35 years ago, Chris Cocalis planted the seeds that would eventually give rise to Pivot Cycles. Only back then, it was with a fledgling bike company started by Alan Vaughn called Sun Eagle Bicycle Works. It was here that Cocalis would learn how to build frames with help from Vaughn, which yielded the Sun Eagle Talon.
At the time, the frame was (and still is) a wild design with elevated chainstays that essentially connected to the head tube, and a top tube that didn’t actually reach the head tube. The pink frame shown above is production frame #2 according to MOMBAT, and was built by Alan Vaughn and Chris Cocalis.
After taking in the neon pink tubes, you notice the whimsical mountain bikers painted all over the frame. As the story goes, Chris had the frame powder-coated pink and then handed it off to Dino at Zooloo Graphics (who also did some of the finish work for Fat Chance at the time). Chris didn’t have any idea what to expect, and Dino surprised him with the cyclist cartoon characters.
Built in 1989, this particular bike has been down the waterfall at South Mountain more than 100 times according to Chris, who rode it daily before school (the thought of riding this bike down the Waterfall is frankly terrifying). This same bike has also been hit by a Camaro, leading Chris to angrily shout, “Where’s my Oakleys!?,” before realizing that his ankle was severely broken. We’ve all been there, right?
Somehow, the bike is still in one piece though it was just a frame and fork until recently. After deciding to create a special edition Switchblade, Cocalis decided it was time to rebuild the frame into a complete bike. Fortunately, they found a brand new 1989 Fuji that had just been traded in at Absolute Bikes in Salida, CO. The Talon is still running the original Fat Chance fork, but most of the build kit was sourced from that Fuji.

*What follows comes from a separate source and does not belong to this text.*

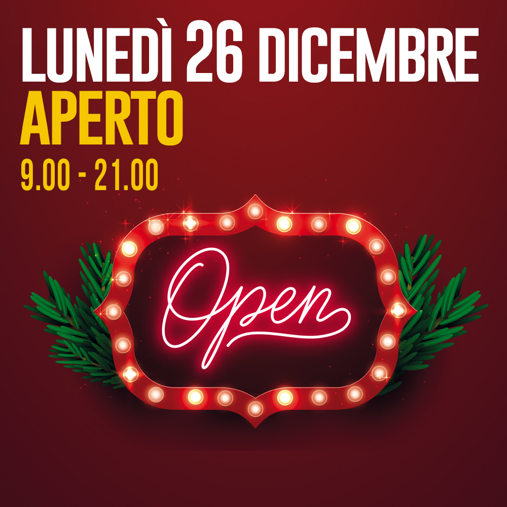 26 dicembre: aperto con orario regolare (9.00 - 21.00);

35th Anniversary Talon (Switchblade)
But we can’t all have our own Sun Eagle Talon, so to pay homage to the original bike, Pivot is offering 300 limited-edition Switchblades.
Available in Team and Pro Builds in both SRAM or Shimano and all with carbon wheels, the Talon 35th Anniversary bikes carry a $200 premium over the standard build which works out to retail prices of $9,199 to $11,599.
If you miss out on one of those 300 bikes, or don’t want to spend the $10k, you can still get your Talon fix with a limited-edition hat and water bottle. If you want the matching hip pack and shades, you’ll have to get those straight from Wave or Pit Viper.